Jumat, 06 Juni 2014

Futur di Bawah Futur

“Mereka yang menjadi KPPS atau saksi, banyak meninggalkan jamaah. Sudah menunda-nunda waktunya, shalatnya pasti terburu-buru. Pasti juga banyak melalaikan tilawah dan zikirnya.”

Semestinya kita lebih merasakannya, sebelum kritik itu datang, karena kita sendiri mengalaminya. Atau mungkin perih itu malah sudah tak terasa lagi, ruh ini telah lumpuh, terlalu banyak luka yang tergores.

Jujur dengan sesungguhnya, sebagian besar dari kita menjalani semua ini bukan berorientasi pada materi dan kekuasaan. Jika di antara kita ada yang memiliki niat berbeda, itu persoalan lain. Menjalani kepayahan ini bukan untuk tujuan dunia. Tetapi kian hari makin banyak yang tersita oleh hiruk pikuk aktifitas politik ini, memporak-porandakan amal-amal kita. Bukan hanya ibadah kita yang berantakan, makin banyak rambu-rambu syar’i yang (terpaksa) diabaikan, makin terbiasa melangkah di wilayah abu-abu.

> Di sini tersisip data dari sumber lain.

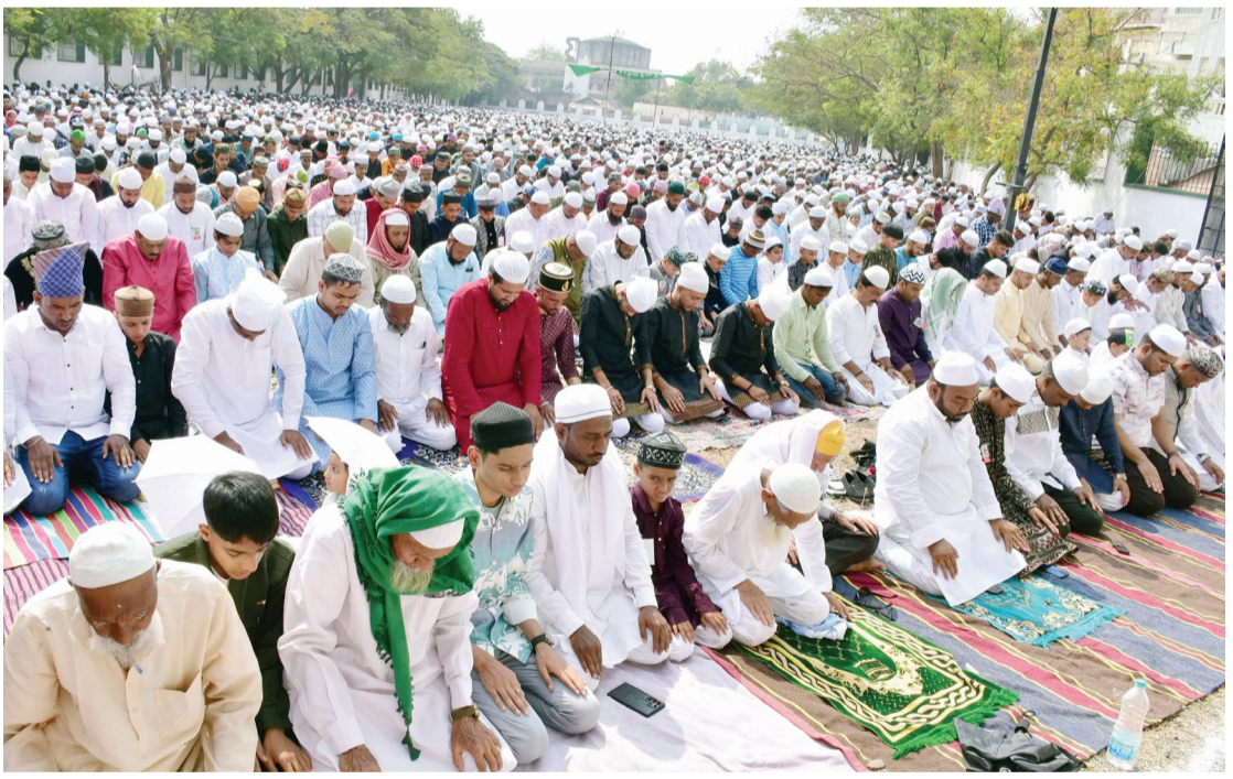
नगर शहरात आज रमजान ईद उत्साहात साजरी करण्यात आली. रमजान ईदनिमित्त कोठला येथील ईदगाह मैदानावर मुस्लिम समाजबांधवांनी सामुहीक नमाज पठण केले.

संस्थांवर टाकण्यात आली आहे. नगर शहराला मुळा धरणातून वार्षिक साठा ३९.०७ दशलक्ष मी मंजूर आहे. त्यातून वीस टक्के पाणी कपात करण्यात आल्याने ३१.२६ दशलक्ष पाणी वापरता येणार आहे. आतापर्यंत मनपाने १०.८ दशलक्ष पाणी वापरले आहे. आता पुढील चार महिन्यांसाठी अवघे १३.४६ दशलक्ष पाणी शिल्लक आहे. त्यामुळे या पाण्याचे नियोजन मनपा प्रशासनाला करावे लागणार आहे. हे नियोजन करतांना मनपा प्रशासनाला तारेवरची कसरत करावी लागणार आहे. दरम्यान मनपा प्रशासनात पाण्याचे योग्य नियोजन न केल्यास शहरातील नागरिकांवर पाण्यासाठी वगण फिरण्याची वेळ येण्याची शक्यता आहे.
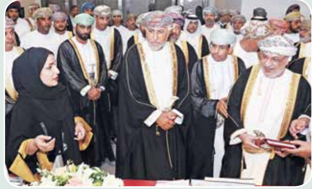
صاحب السمو شهاب بن طارق ود.عبدالمنعم الحسني خلال جولة في أجنحة المعرض
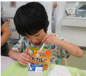
災害用備蓄食品の試食
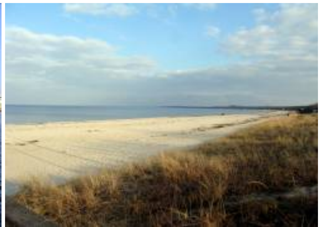
Strand bei Rosenhagen
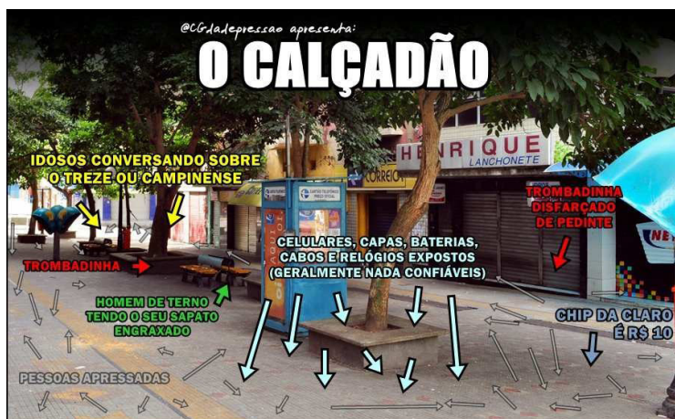
Figura 4 - Demarcações do Calçadão

Uma pista que nos ajuda a esclarecer essa pergunta é dada pela Figura 4. Nela, vemos a demarcação e representação feita pelos Campinenses sobre o Calçadão, e publicada em uma famosa rede social.
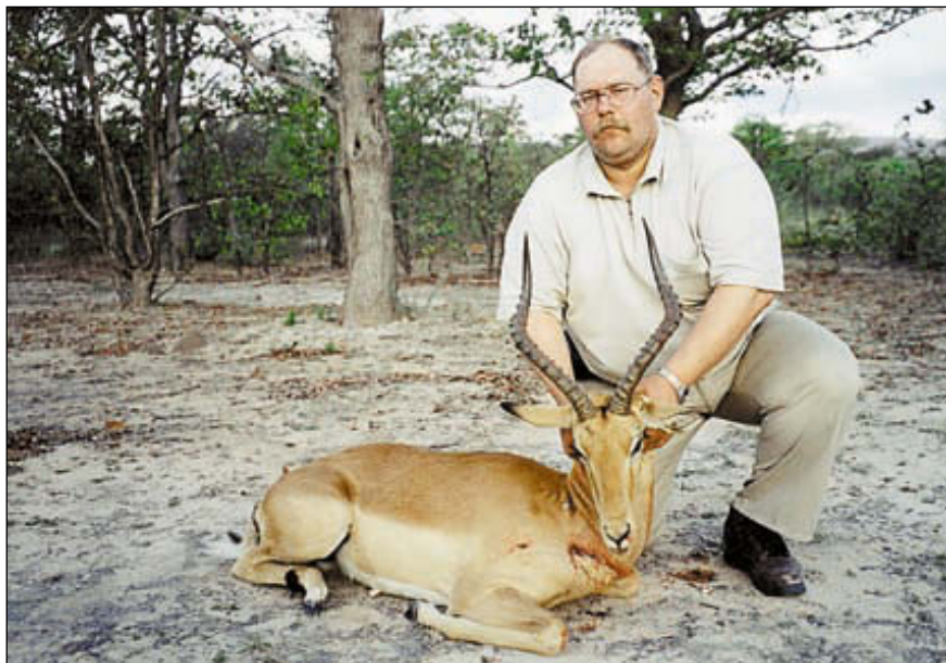
Антилопа импала. Стрелять можно только самцов. Пришлось немало потрудиться чтобы добыть эту быструю антилопу

По возвращении в Санкт-Петербург меня ожидало ещё одно радостное событие – по рекомендациям опытных охотников, в том числе и тех, кто помогал мне в этом сафари, я был принят в члены Safari club international (SCI).
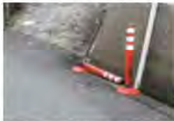
ポストコーンの破損
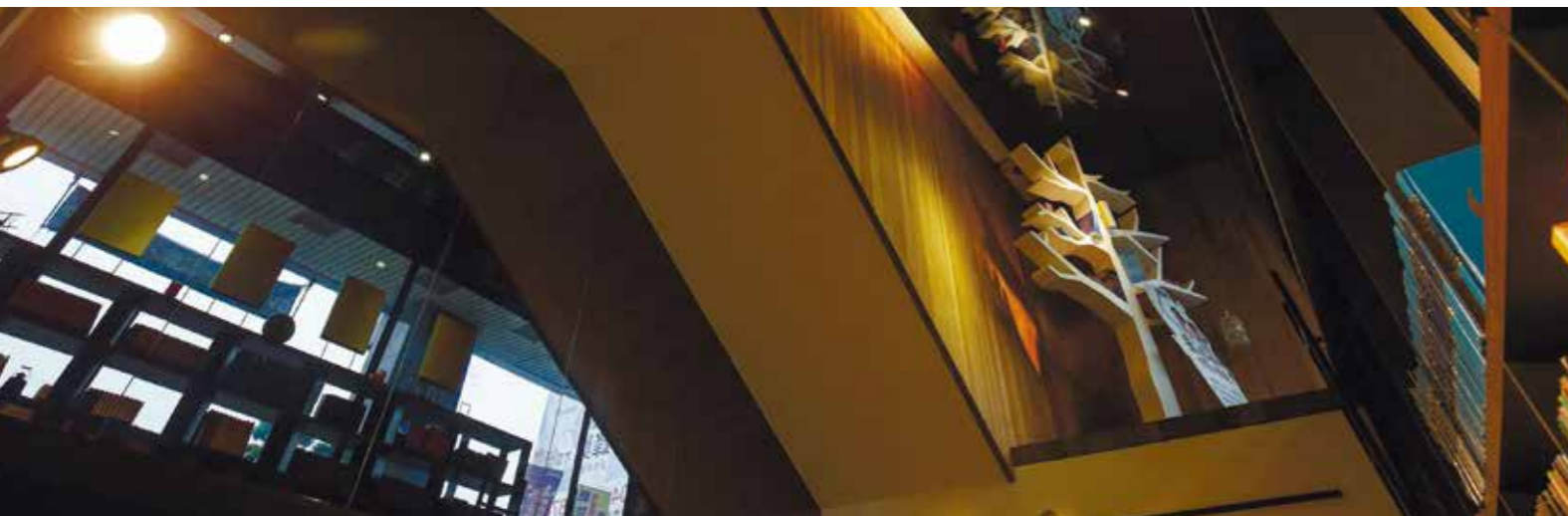
書房的裝潢設計相當別緻獨特
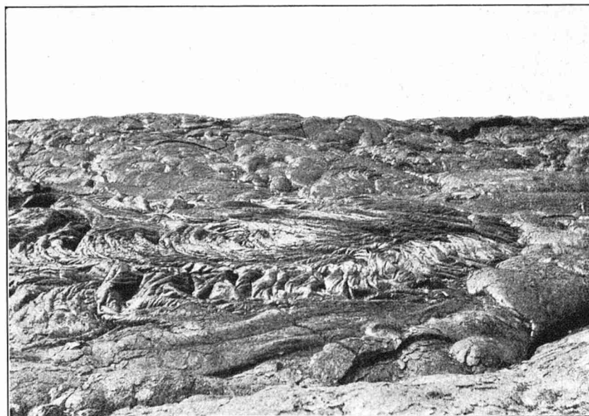
Abbild. 6. Pahoehoe-feld im Kilauea-krater.
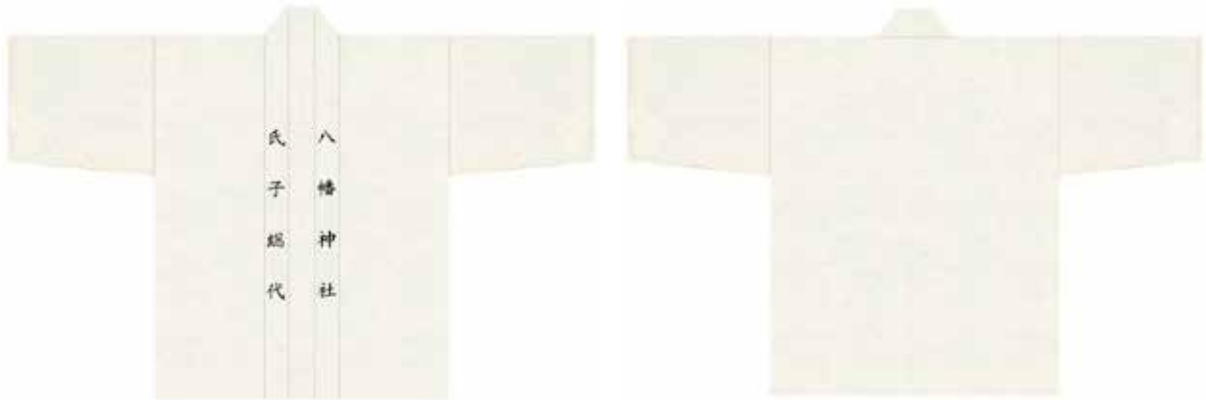
衿文字のみ染入れの場合
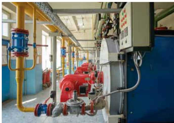
Котельное оборудование будет готово к эксплуатации в срок
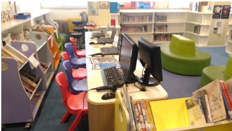
尚色園主辦可銘學校圖書館
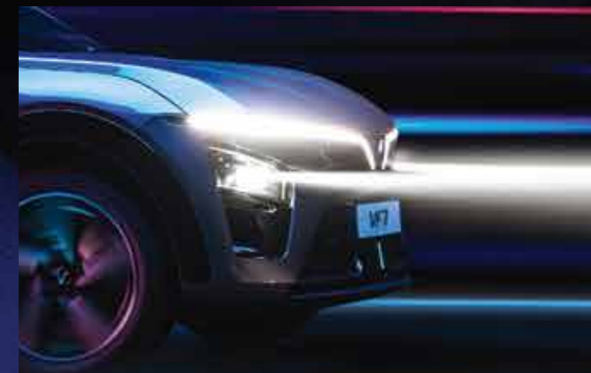
CỤM ĐÈN TRƯỚC LED ĐIỀU CHỈNH GÓC CHIẾU THÔNG MINH* Văn minh & An toàn
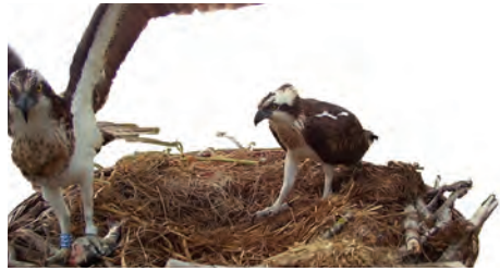
Balibuzard Pandion haliaetus femelle regardant avec intérêt une proie apportée par Olympe. Grande Cariçaie, 25 avril 2023.
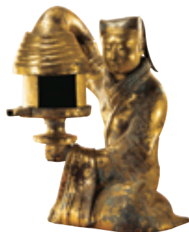
Lanterne en bronze datant de la dynastie des Han.

Le travail de sauvegarde des monuments historiques s'intègre petit à petit dans le système de la légalité. La Chine a adhéré aux quatre conventions internationales

Mungkinkah kita salah jalan? Mungkin lebih baik diri ini pergi. Meninggalkan jalan sulit yang harus berpayah-payah menyusurinya. Melepaskan kesulitan ini untuk mengejar kesalihan pribadi. Uzlah, sepertinya lebih mudah untuk ditempuh. Tak perlu lagi direpotkan mereka, tak usah pedulikan mereka. Agar dapat mengkonsentrasikan diri dengan ibadah sepuasnya, tanpa banyak terganggu, menikmati kesendirian bersama-Nya.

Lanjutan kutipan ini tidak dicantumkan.